Он много раз видел повешенных. Только фотографии, разумеется, в украденной с работы книге о военных преступлениях с пометкой «Не для общедоступных полок. Выдается только по запросу». Предупреждение распалило его фантазии: вот книга, которую люди не должны видеть. Он сунул ее в сумку, не открывая и зная по названию – «Советские документы о зверствах нацистов», – что эта книга почти так же сладка в предвкушении, как и во время чтения. Но в этом он ошибался. Как бы ни был восхитителен тот день, знать, что в его сумке находится запретное сокровище, наслаждение, – ничто по сравнению с откровениями самой книги. Там были фотографии сгоревших развалин чеховской дачи в Истре и оскверненной резиденции Чайковского. В основном – что еще важнее – там имелись фотографии погибших. Некоторые из них были свалены в кучи, другие лежали в кровавом снегу, замерзшие. Дети с проломленными черепами, люди в окопах с простреленными лицами, другие – со свастикой, вырезанной на груди и ягодицах. Но для жадных глаз Пожирателя Бритв лучшими фотографиями были повешенные. На одного Брир смотрел очень часто. Снимок изображал красивого молодого человека, которого вздергивали на самодельной виселице. Фотограф застал его в последний момент, когда он смотрел прямо в камеру со слабой и блаженной улыбкой на лице.
Брир хотел, чтобы именно такое выражение обнаружили на его лице, когда взломают дверь этой комнаты и найдут его подвешенным здесь, кружащимся на сквозняке из коридора. Он думал о том, как они будут смотреть на него, охать и ахать, качать головами, удивляясь бледным белым ступням и его смелости в этом невероятном деле. Размышляя, он завязывал и развязывал петлю, решив сделать все настолько профессионально, насколько возможно.
Единственной его тревогой было признание. Несмотря на то, что он изо дня в день работал с книгами, слова не являлись его сильной стороной: они ускользали от него, как красота из его толстых пальцев. Но он хотел сказать что-нибудь о детях, просто чтобы они знали – люди, которые найдут его и сфотографируют, – что имеют дело не с каким-нибудь ничтожеством, а с человеком, который сделал худшие вещи в мире по самым лучшим из возможных причин. Это было крайне важно: чтобы они знали, кто он такой, потому что, вероятно, со временем они поймут его так, как он никогда не мог понять.
Он знал, что существуют методы допроса, применимые даже к мертвецам.
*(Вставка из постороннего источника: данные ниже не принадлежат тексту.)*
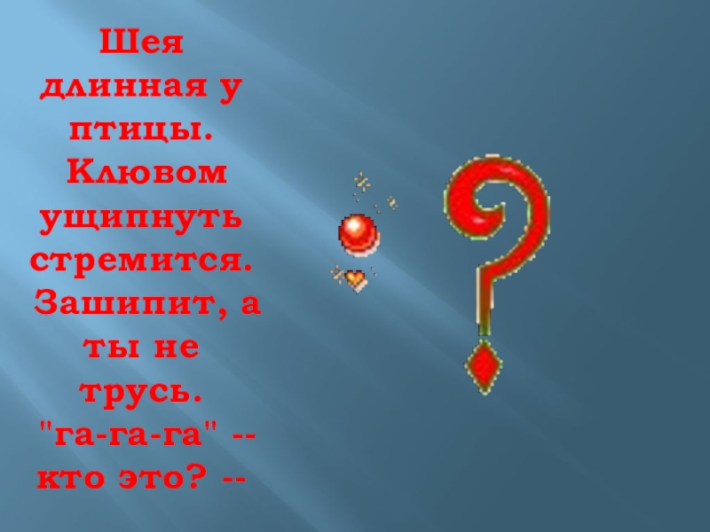 Слайд 6Шея длинная у птицы. Клювом ущипнуть стремится. Зашипит, а ты не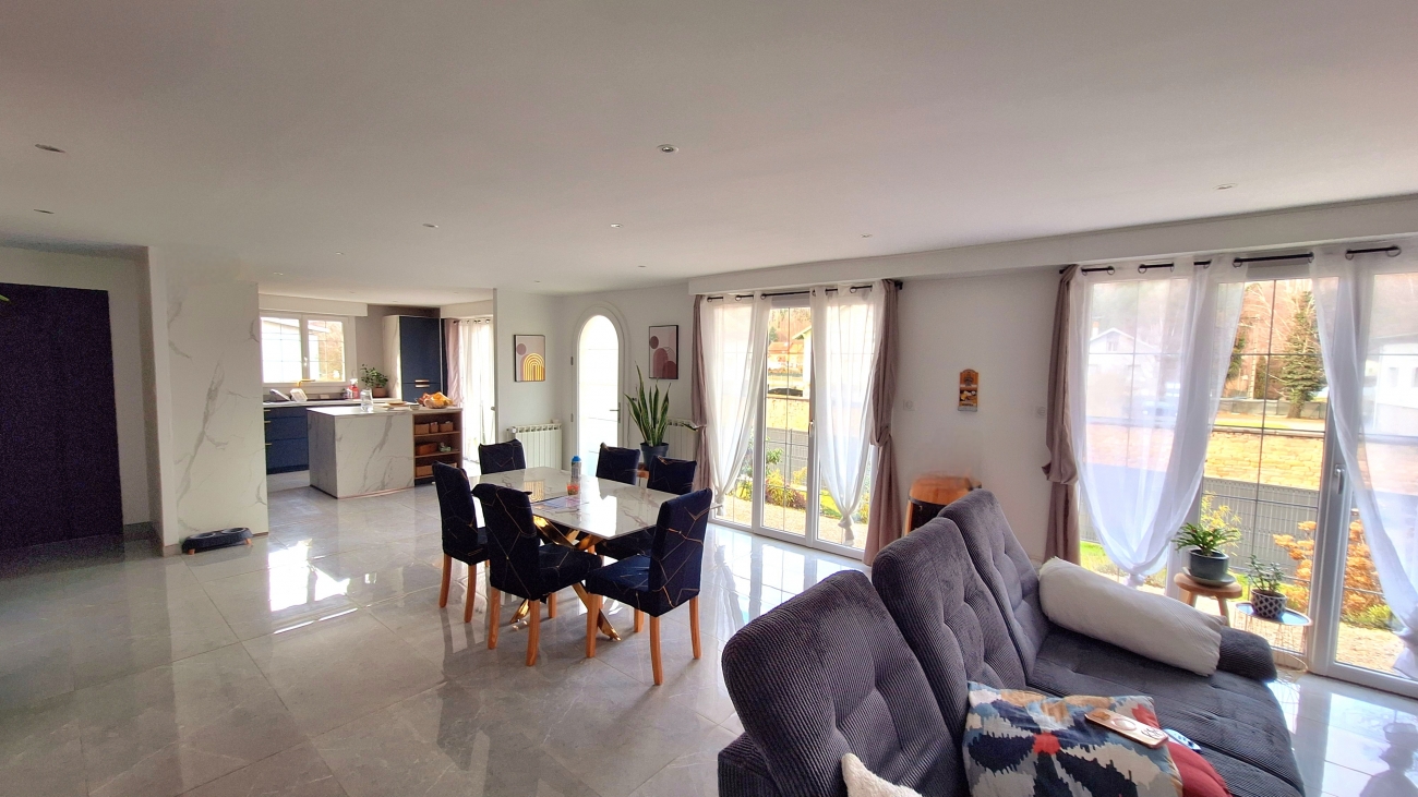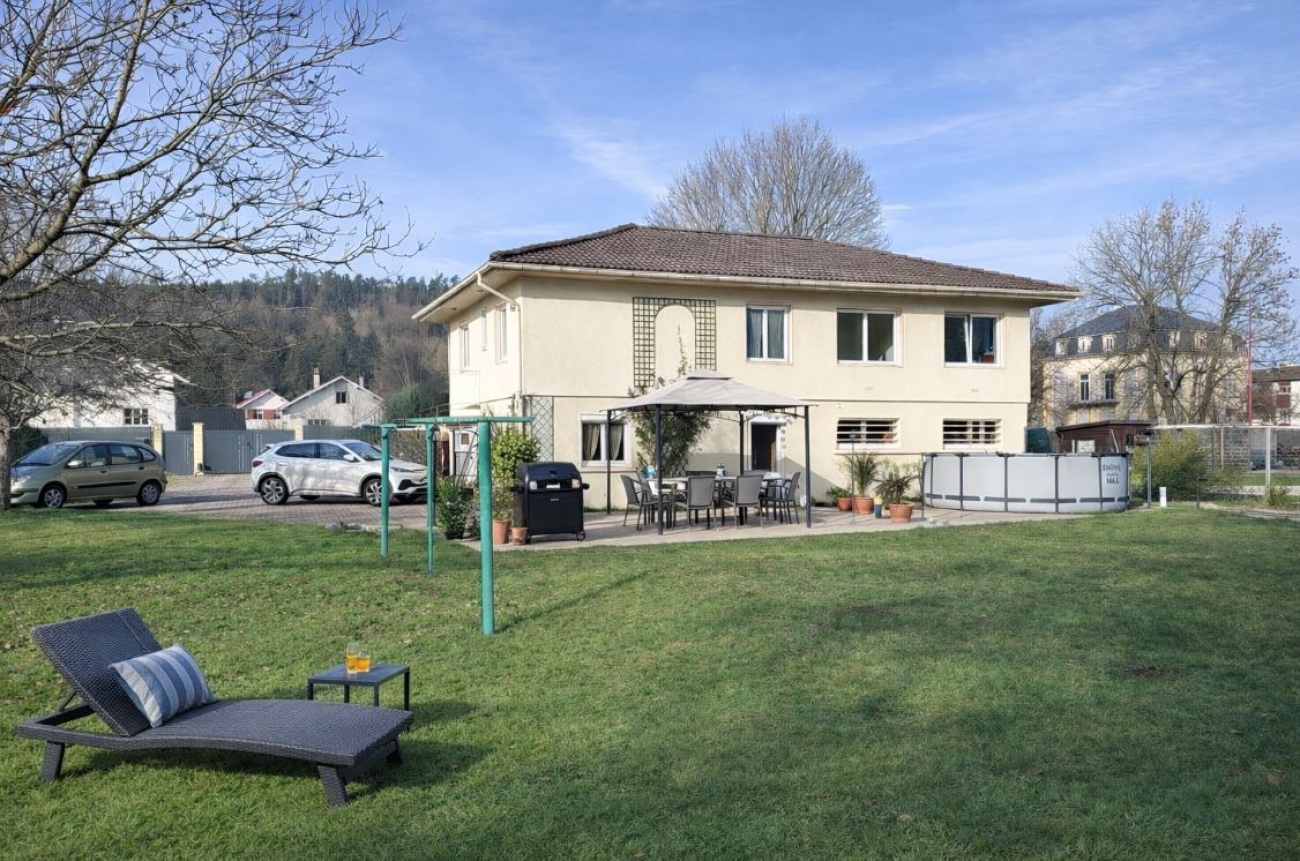 Située sur la charmante commune de Docelles, belles prestations pour cette lumineuse maison de 1974 entièrement rénovée avec goût d'une superficie de 135m² environ, entretenue & édifiée sur un terrain entièrement clos de 1348m² environ avec ruisseau en fond de parcelle offrant :

Они положат его в холодильник и тщательно осмотрят, а когда изучат снаружи, начнут проверять внутренности, и – ух! – что там найдут… Они отпилят ему верхнюю часть черепа и извлекут мозг; проверят на наличие опухолей, нарежут тонкими ломтиками, как дорогую ветчину, исследуют сотнями способов, чтобы выяснить, почему и как он был устроен. Но ведь это не сработает, правда? Он, как никто другой, должен это знать. Если разрезать живую и прекрасную вещь, чтобы узнать, почему она жива и прекрасна, не успеешь опомниться, как она – уже ни то ни другое, и ты стоишь с кровью на лице и слезами в глазах, чувствуя лишь жуткие угрызения совести. Нет, из его мозга не извлекут ничего, придется искать дальше. Им придется вскрыть его, как застежку-молнию, от шеи до паха, взломать грудную клетку и отворить ребрами наружу – лишь так получится размотать кишки, порыться в животе, жонглируя печенью и легкими. И там, о да, там найдется то, чем можно залюбоваться.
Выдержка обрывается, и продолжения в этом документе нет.